Yanlış hesap Bağdat’tan döner ama…
Gece gece ağırlıkla sosyal medya üzerinden parlayıp gelişen bir hukuk tartışması, sonunda spekülasyonu oluşturan kararı veren üç hakimin HSYK tarafından açığa alınmasıyla...
Gece gece ağırlıkla sosyal medya üzerinden parlayıp gelişen bir hukuk tartışması, sonunda spekülasyonu oluşturan kararı veren üç hakimin HSYK tarafından açığa alınmasıyla sonuçlandı.
İlk bakışta bile bir hukukçu böyle bir kararı nasıl alabilir diye düşündüren gelişmelerin ciddi ciddi tartışılır, olabilir mi acaba diye kafaları karıştırması iyice inanılmaz hale getirdi her şeyi.

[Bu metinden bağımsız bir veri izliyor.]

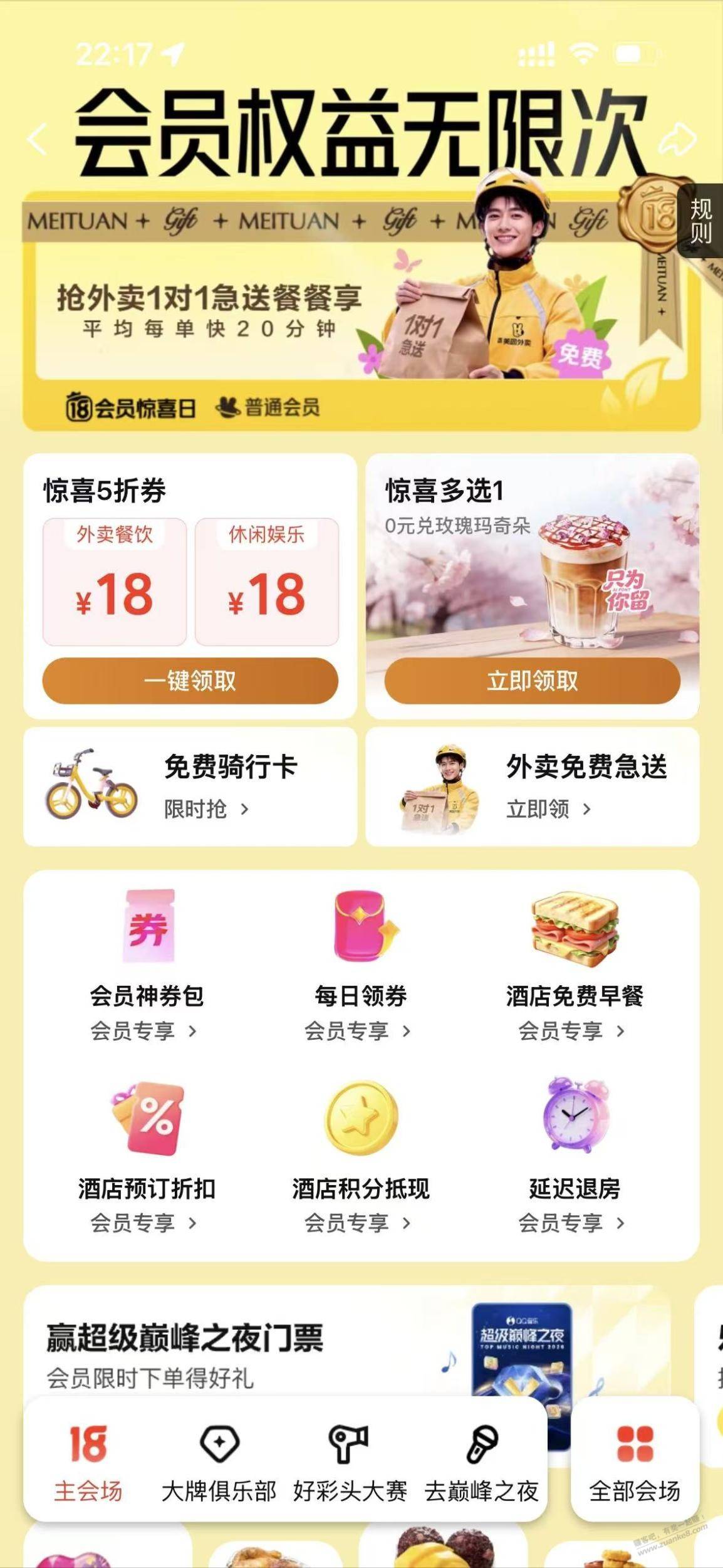 更正下路劲:美团-我的-会员-18会员惊喜日-免费骑行卡

Olup biten bir açıdansa çok basit.
Yetkisi hakkı ve görevi olmayan bir kararı verebilmek için önündeki bütün engelleri başka yollarla kaldıran ve sonra gelinen noktada kendi yorumuyla kendini yetkilendiren bir bakış hamle.

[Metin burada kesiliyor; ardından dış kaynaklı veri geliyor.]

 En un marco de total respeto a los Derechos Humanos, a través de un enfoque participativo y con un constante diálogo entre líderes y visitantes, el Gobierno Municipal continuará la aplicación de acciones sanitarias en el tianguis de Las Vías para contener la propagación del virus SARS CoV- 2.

Yanlış hesap Bağdat'tan dönüyor ama.
Burada önemli olansa bu tuhaf girişimin nasıl sonuçlandığından çok işleyiş mekanizması.
Tatil gününe, birlikte davranacak hukukçuların nöbetlerine, kimselere haber vermeden yüze yakın dosyaya tek tek karar verecek bir gece mesaisine denk getirilen ve hukukun görünüşte işe yarar boşluklarından sonuç alacak bir sızma girişimi bir hukukçu için ne kadar makul anlaşılır sağlıklı ve geçmişte örneği görülmüş şey?

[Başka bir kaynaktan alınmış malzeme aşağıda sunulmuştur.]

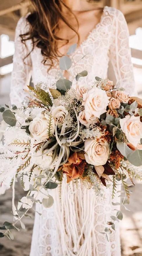Na mesma linha da decoração, esse acessório tra dicional ganha ares mais chamativos, e serão mais volumosos. Os maxi buquês voltam com tudo em 2023, podendo ser mais largos ou mais longos. Além deles, as composições de buquês monocro máticos serão mais vistas.
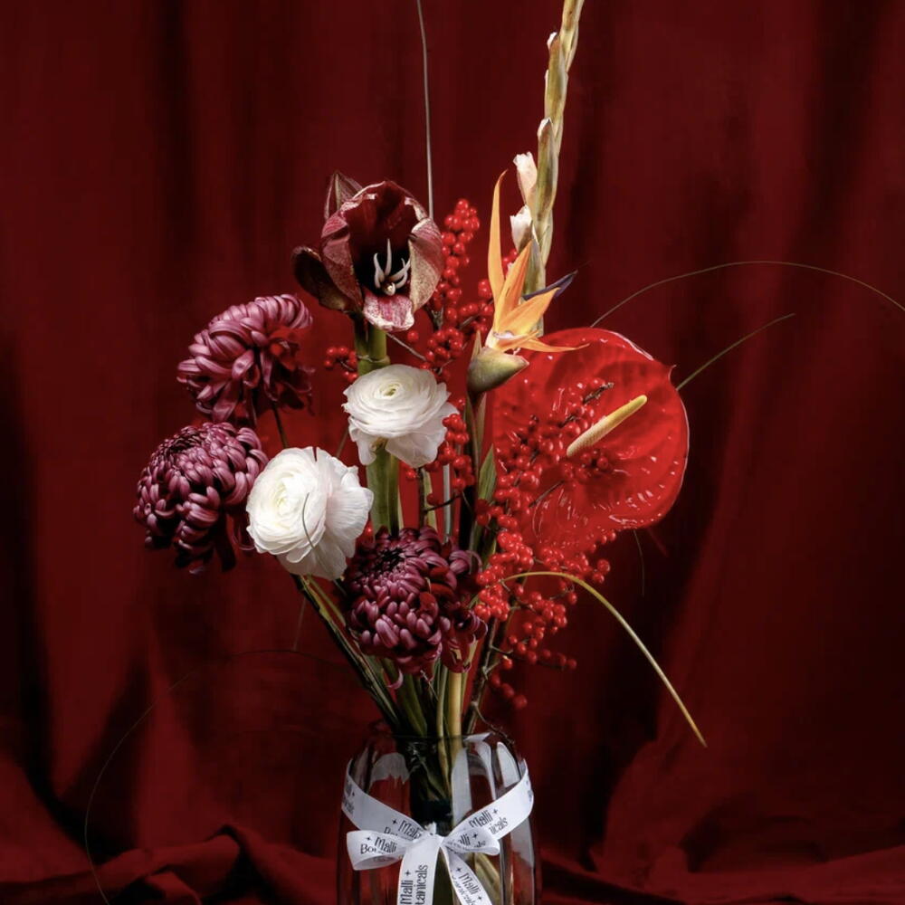 Букет, вдохновлённый насыщенной гаммой и драматичным настроением. Он передаёт страсть и элегантность через глубокие и мягкие оттенки, создавая впечатление живой картины. Каждый букет уникален — композиция , сохраняя общую гармонию и атмосферу.

O yüzden yaşadığımız tahliye macerasının bir hukuk tartışması olmadığı çok açık.
Olup bitenlere bakınca bir hakim davranışıyla karşı karşıya olduğumuz iddia edilebilir mi?
Sadece bu tuhaf operasyonun icra tarzı değil buna cesaret etmek de yeterince açıklayıcı.
Tıpkı 17/25 Aralık'tan sonra sorduğum soru burada da geçerli; bu bir intihar eylemi ve bunu motive eden ne olabilir?